(Records from a data source)
== Segment start ==
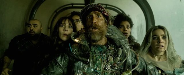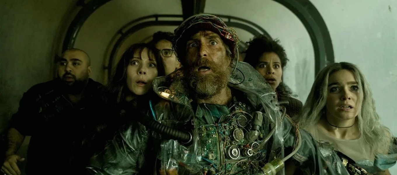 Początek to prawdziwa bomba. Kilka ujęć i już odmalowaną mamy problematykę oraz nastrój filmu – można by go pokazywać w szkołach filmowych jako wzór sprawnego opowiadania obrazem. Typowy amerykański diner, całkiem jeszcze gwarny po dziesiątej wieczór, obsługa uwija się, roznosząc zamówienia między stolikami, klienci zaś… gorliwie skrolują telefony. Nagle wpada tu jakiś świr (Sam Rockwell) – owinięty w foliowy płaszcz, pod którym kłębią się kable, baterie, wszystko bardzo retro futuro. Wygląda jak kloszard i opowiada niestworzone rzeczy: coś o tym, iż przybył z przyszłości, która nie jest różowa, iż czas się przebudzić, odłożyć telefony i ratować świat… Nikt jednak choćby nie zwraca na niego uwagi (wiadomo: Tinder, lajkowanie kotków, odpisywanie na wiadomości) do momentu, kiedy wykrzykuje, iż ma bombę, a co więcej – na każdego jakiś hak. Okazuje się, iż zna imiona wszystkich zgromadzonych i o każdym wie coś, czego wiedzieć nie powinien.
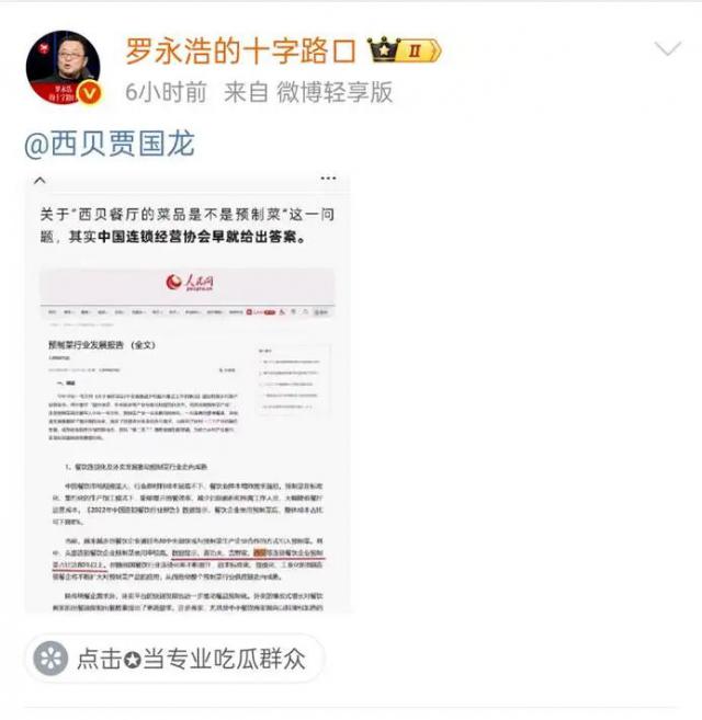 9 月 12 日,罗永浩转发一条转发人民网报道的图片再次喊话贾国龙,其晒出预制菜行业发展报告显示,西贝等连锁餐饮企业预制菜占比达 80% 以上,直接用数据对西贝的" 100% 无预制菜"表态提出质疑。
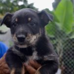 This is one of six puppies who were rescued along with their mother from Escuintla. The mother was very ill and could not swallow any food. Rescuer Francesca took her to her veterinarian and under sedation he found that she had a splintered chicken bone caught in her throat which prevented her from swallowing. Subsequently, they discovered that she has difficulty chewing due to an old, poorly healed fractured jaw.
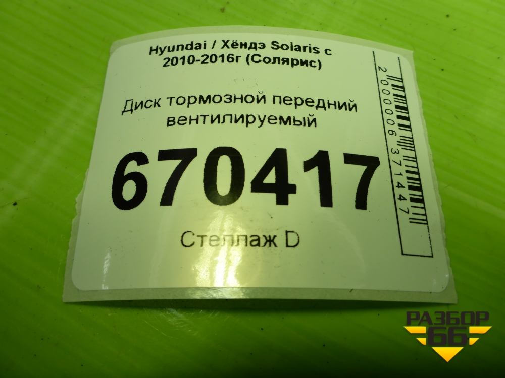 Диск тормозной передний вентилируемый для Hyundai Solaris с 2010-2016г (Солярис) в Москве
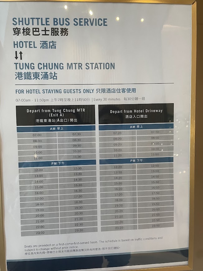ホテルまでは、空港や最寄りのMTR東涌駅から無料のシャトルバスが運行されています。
== Segment end ==
TASK REQUIREMENTS: Return word for word the line bearing "9 月 12 日,罗永浩转发一条转发人民网报道的图片再次喊话贾国龙,其晒出预制菜行业发展报告显示,西贝等连锁餐饮企业预制菜占比达" and every later line of the entries, but none of the pictures.

REPLY:
 9 月 12 日,罗永浩转发一条转发人民网报道的图片再次喊话贾国龙,其晒出预制菜行业发展报告显示,西贝等连锁餐饮企业预制菜占比达 80% 以上,直接用数据对西贝的" 100% 无预制菜"表态提出质疑。
 This is one of six puppies who were rescued along with their mother from Escuintla. The mother was very ill and could not swallow any food. Rescuer Francesca took her to her veterinarian and under sedation he found that she had a splintered chicken bone caught in her throat which prevented her from swallowing. Subsequently, they discovered that she has difficulty chewing due to an old, poorly healed fractured jaw.
 Диск тормозной передний вентилируемый для Hyundai Solaris с 2010-2016г (Солярис) в Москве
ホテルまでは、空港や最寄りのMTR東涌駅から無料のシャトルバスが運行されています。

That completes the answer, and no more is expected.